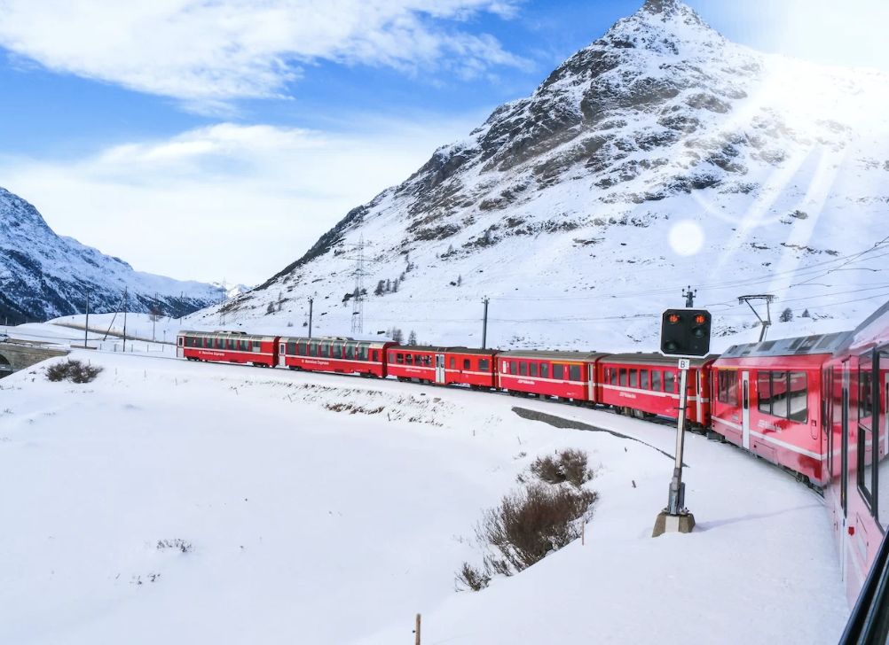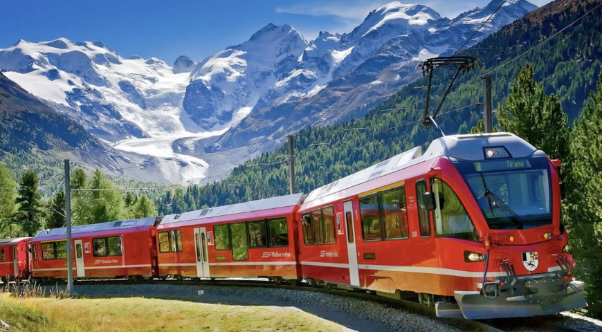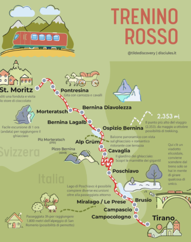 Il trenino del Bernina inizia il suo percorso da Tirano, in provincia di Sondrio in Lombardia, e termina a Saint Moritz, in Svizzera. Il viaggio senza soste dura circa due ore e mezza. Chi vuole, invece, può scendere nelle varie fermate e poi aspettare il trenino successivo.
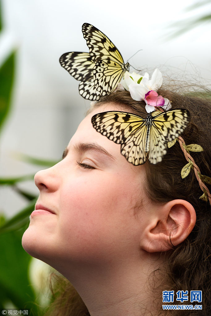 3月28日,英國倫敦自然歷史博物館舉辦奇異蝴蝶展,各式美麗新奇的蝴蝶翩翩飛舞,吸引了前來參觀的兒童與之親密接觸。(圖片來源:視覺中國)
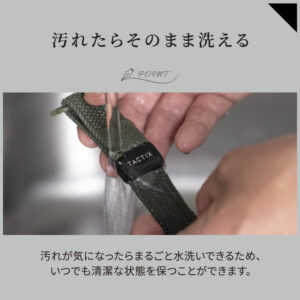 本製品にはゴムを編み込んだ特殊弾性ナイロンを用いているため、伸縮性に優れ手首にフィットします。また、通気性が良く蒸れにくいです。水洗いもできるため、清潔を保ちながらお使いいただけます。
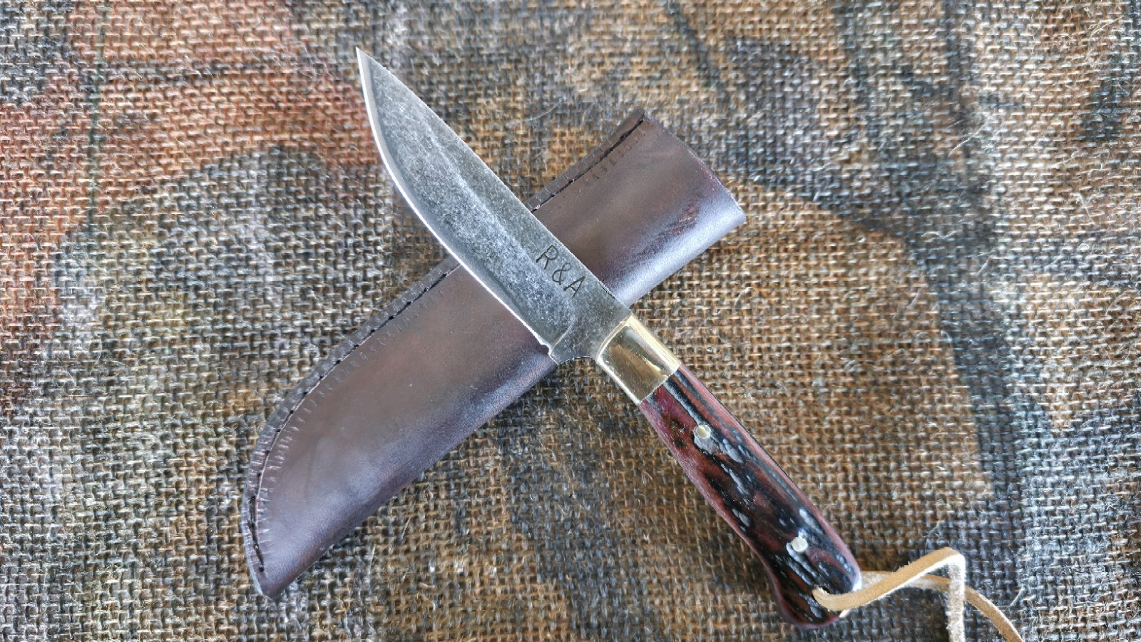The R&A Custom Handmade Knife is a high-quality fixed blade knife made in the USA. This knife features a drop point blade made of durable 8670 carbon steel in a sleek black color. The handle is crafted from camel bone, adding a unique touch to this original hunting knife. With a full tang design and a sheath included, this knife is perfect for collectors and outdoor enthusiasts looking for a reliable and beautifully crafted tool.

EXERCISE GOAL: Word-for-word restatement: every line from the one with "3月28日,英國倫敦自然歷史" through the final line of the data, both ends included, pictures excluded.

RESPONSE:
 3月28日,英國倫敦自然歷史博物館舉辦奇異蝴蝶展,各式美麗新奇的蝴蝶翩翩飛舞,吸引了前來參觀的兒童與之親密接觸。(圖片來源:視覺中國)
 本製品にはゴムを編み込んだ特殊弾性ナイロンを用いているため、伸縮性に優れ手首にフィットします。また、通気性が良く蒸れにくいです。水洗いもできるため、清潔を保ちながらお使いいただけます。
The R&A Custom Handmade Knife is a high-quality fixed blade knife made in the USA. This knife features a drop point blade made of durable 8670 carbon steel in a sleek black color. The handle is crafted from camel bone, adding a unique touch to this original hunting knife. With a full tang design and a sheath included, this knife is perfect for collectors and outdoor enthusiasts looking for a reliable and beautifully crafted tool.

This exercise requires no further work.